Reproducibility Index

Notice: The reproducibility variables underlying each score are classified using an automated LLM-based pipeline, validated against a manually labeled dataset. LLM-based classification introduces uncertainty and potential bias; scores should be interpreted as estimates. Full accuracy metrics and methodology are described in Coakley et alK. L. Coakley, T. Snelleman, H. Hoos, and O. E. Gundersen, "The embrace of open science: An analysis of a decade of AI research and 56 800 conference papers," Under Review, 2026..

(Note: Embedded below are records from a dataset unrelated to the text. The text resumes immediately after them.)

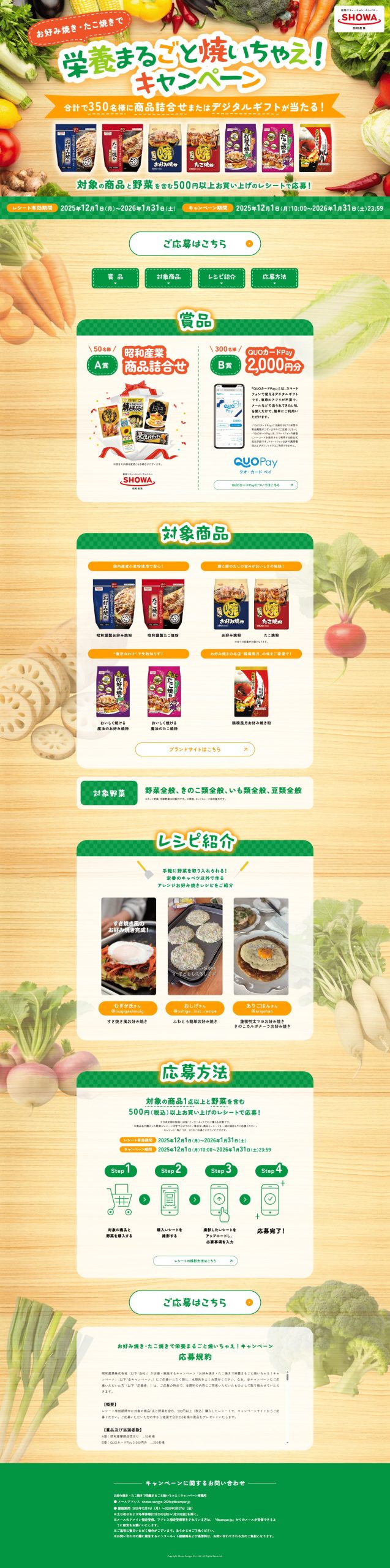 - A賞:昭和産業商品詰合せ …50名様 B賞:QUOカードPay 2,000円分 …300名様
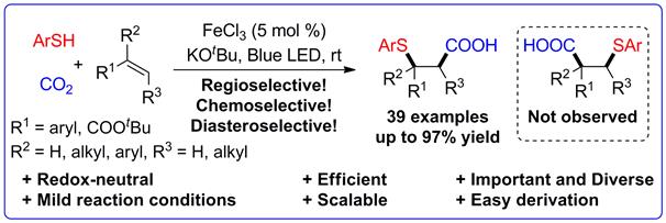 11. M. Miao, L. Zhu, H. Zhao, L. Song, S.-S. Yan, Li-Li Liao, J.-H. Ye*, Yu Lan*, Da-Gang Yu*, Visible-Light-Driven Thiocarboxylation of Alkynes with CO2: Facile Synthesis of Thiochromones. Sci. China. Chem. 2023, 66, 1457.
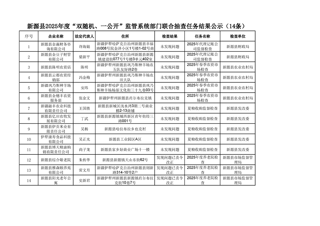 新源县2025年度“双随机、一公开”监管系统部门联合抽查任务结果公示
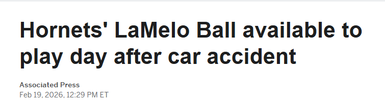 北京时间2月20日,据ESPN报道,黄蜂队控球后卫拉梅洛-鲍尔(三球)并未出现在球队伤病名单中,预计将在今日对阵休斯顿火箭的比赛中出战。此前一天,他刚在夏洛特卷入一起两车相撞事故。
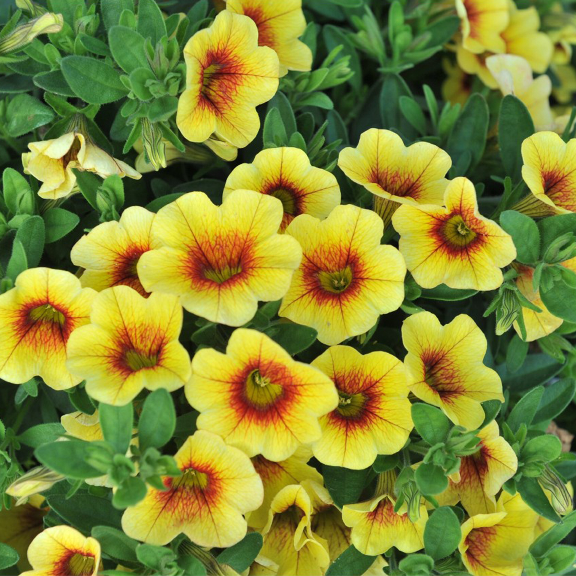 Die Calibrachoa, auch Zauberglöckchen oder Rubinglöckchen genannt, ist eng verwandt mit der Petunie. Die Blüten sind kleiner, aber sehr zahlreich. Durch Neuzüchtungen gab es bei dieser Pflanze in den letzten Jahren immer wieder herrliche Farben und Farbkombinationen. Diese Sorte hat tolle gelbe Blüten mit orangefarbener Mitte.
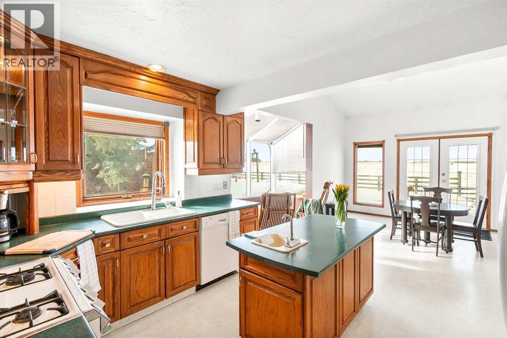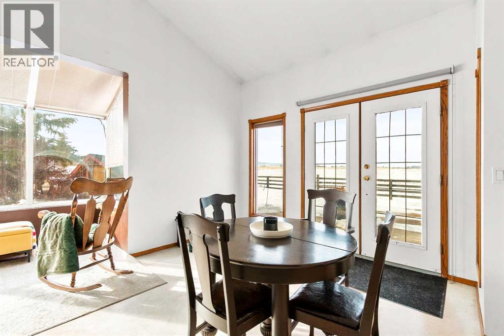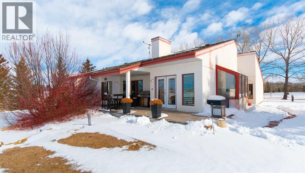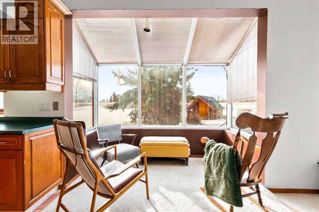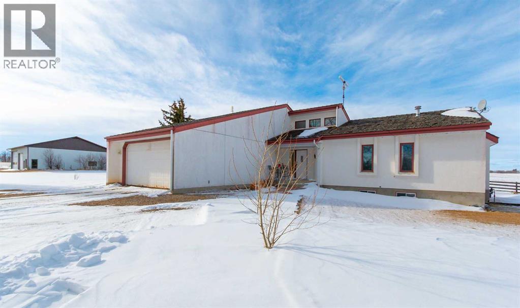 A rare opportunity to own a truly stunning and unique rural property nestled on 148.29 ACRES of picturesque Alberta countryside. This WALKOUT BUNGALOW offers space for everyone with 3 bedrooms and 2.5 bathrooms up and 1 bedroom and a 3-piece bathroom down. The original owner, CUSTOM BUILT HOME is complete with tons of Natural Light throughout the unique vaulted ceiling Great Room- tying together a large Living Room, Country Kitchen complete with a PANTRY & ISLAND and 2 Dining area Options. Patio doors lead you to the partially covered west facing DECK with gas for a BBQ overlooking the yard. Downstairs find large rooms including an office, cold room & family/hobby room. This exceptional offering is located just outside the charming town of DIDSBURY, combining the serenity of rural living with convenient access to major centres such as Calgary, Red Deer. Located adjacent to the Town limits of Didsbury, this property offers opportunity for potential future development & is an ideal setting for families, hobby farmers, or agri-business. Didsbury boasts: Three schools, a hospital, RCMP detachment, indoor swimming pool, curling rink, two surface ice arena, golf course, ball diamonds, skate park, and walking trails. Outside, enjoy unobstructed west-facing ROCKY MOUNTAIN VIEWS and wide open spaces, a perfect blend of functionality, beauty, and lifestyle. 2 Gravel driveway options with an island turnaround, a shelter belt of mature and ornamental TREES, built-in firepit area, playset, RV parking with water and power hookups and various parking opportunities. Features: 50x50 SHOP (1990): Metal clad, insulated & drywalled with concrete floor, radiant heat, water access and a 10x50 mezzanine. BARN (1995): Post & Beam construction Mixed use land offering 8+/- acres of yard, 55 +/- acres of CROPLAND & 85 +/- acres of PASTURE, native trees and wetland. Whether you're looking to expand your AG operations, start a rural lifestyle or invest in Alberta land, this property is the perf ect fit. (id:63190)

Flow-GRPO: Training Flow Matching Models via Online RL

Authors: Jie Liu, Gongye Liu, Jiajun Liang, Yangguang Li, Jiaheng Liu, Xintao Wang, Pengfei Wan, Di ZHANG, Wanli Ouyang

NeurIPS 2025 | Venue PDF | LLM Run Details

Reproducibility Variable	Result	LLM Response
Research Type	Experimental	This section empirically evaluates Flow-GRPO s ability to improve flow matching models on three tasks. (1) Composition Image Generation: This task requires precise object arrangement and attribute control. We report the results on Gen Eval. (2) Visual Text Rendering: a rule-based task that evaluates the accurate rendering of the text specified in the prompt. (3) Human Preference Alignment: This task aims to align T2I models with human preferences.
Researcher Affiliation	Collaboration	Jie Liu1,3,5 Gongye Liu2,3* Jiajun Liang3 Yangguang Li1 Jiaheng Liu4 Xintao Wang3 Pengfei Wan3 Di Zhang3 Wanli Ouyang1,5 1MMLab, CUHK 2Tsinghua University 3Kling Team, Kuaishou Technology 4Nanjing University 5Shanghai AI Laboratory EMAIL EMAIL
Pseudocode	No	The paper contains mathematical formulations and equations (e.g., Eq. 1-29) but does not include any explicitly labeled 'Pseudocode' or 'Algorithm' blocks with structured, code-like steps.
Open Source Code	Yes	Code: https://github.com/yifan123/flow_grpo
Open Datasets	Yes	We evaluate Flow-GRPO on T2I tasks with various reward types. (1) Verifiable rewards, using the Gen Eval [17] benchmark and visual text rendering task. (2) Model-based rewards, such as the human preference Pickscore [19] reward. ... Image Quality Evaluation Metric. ...All metrics are computed on Draw Bench [1], a comprehensive benchmark with diverse prompts for T2I models.
Dataset Splits	Yes	Training prompts are generated using official Gen Eval scripts, which apply templates and random combinations to construct the prompt dataset. The test set is strictly deduplicated... Based on the base model s initial accuracy across the six tasks, we set the prompt ratio as Position : Counting : Attribute Binding : Colors : Two Objects : Single Object = 7 : 5 : 3 : 1 : 1 : 0. ... We use GPT4o to produce 20K training prompts and 1K test prompts.
Hardware Specification	Yes	We train our model using 24 NVIDIA A800 GPUs.
Software Dependencies	No	The paper lists base models and reward models with links in Appendix B.2 but does not specify software dependencies like programming languages (e.g., Python), frameworks (e.g., PyTorch), or CUDA versions with their specific version numbers.
Experiment Setup	Yes	We use a sampling timestep T = 10 and an evaluation timestep T = 40. Other settings include a group size G = 24, an noise level a = 0.7 and an image resolution of 512. The KL ratio β is set to 0.04 for Gen Eval and Text Rendering, and 0.01 for Pickscore. We use Lora with α = 64 and r = 32.